In order for a well-bore fluid to be useful in these and other
applications, the fluid must have sufficient specific gravity to exert the
required hydrostatic pressure, and, preferably, its specific gravity
should be capable of being varied to exert the desired amount of
hydrostatic pressure to balance the pressure exerted by the earth
formation. The hydrostatic pressure of the fluid is based upon the height
of the column of fluid in the well and its specific gravity. Since the
well depth, and consequently the height of the column of fluid in the well
is fixed, the only remaining variable, namely, the specific gravity of the
fluid, should be capable of being varied to meet the needs of the
hydrostatic pressure required downhole.
This is currently achieved by one of two means. Frequently, dense
particulate materials such as barytes or calcium carbonate are suspended
in a carrier fluid. A major disadvantage of this method is the migration
of these solids into the pay-zone leading to an impairment in hydrocarbon
recovery. To alleviate this problem, dense, solids-free, brine solutions
of various formulations have been proposed.

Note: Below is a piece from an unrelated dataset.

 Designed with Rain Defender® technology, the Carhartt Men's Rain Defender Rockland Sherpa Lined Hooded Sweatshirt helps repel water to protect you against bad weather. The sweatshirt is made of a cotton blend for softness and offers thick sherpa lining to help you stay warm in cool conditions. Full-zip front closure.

Well-bore fluids should be noncorrosive to the ferrous metal tubing and
pipes which they contact for prolonged periods. Once a producing well is
established and pipe, packer and completion fluid have been installed,
replacement of any part of the pipe string, because of corrosion by the
completion fluid, amounts to a major undertaking, requiring shut down of
the well and a costly and extended period for removal and replacement of
the pipe string. In addition, if the corrosion is severe and rapid, loss
of control of the well due to pipe rupture is a serious possibility.

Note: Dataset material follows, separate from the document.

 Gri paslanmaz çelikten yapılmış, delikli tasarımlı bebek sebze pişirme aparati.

Well-bore fluids can be (1) water based, e.g. brines, (2) invert emulsions
or (3) oil based systems.
Water based systems are frequently employed, particularly clear brines, but
they suffer from the disadvantages that they are sometimes toxic (and
therefore require special handling procedures), corrosive (and require the
use of well liners and/or corrosion inhibitors), and can recrystallize and
show incompatability with reservoir fluids.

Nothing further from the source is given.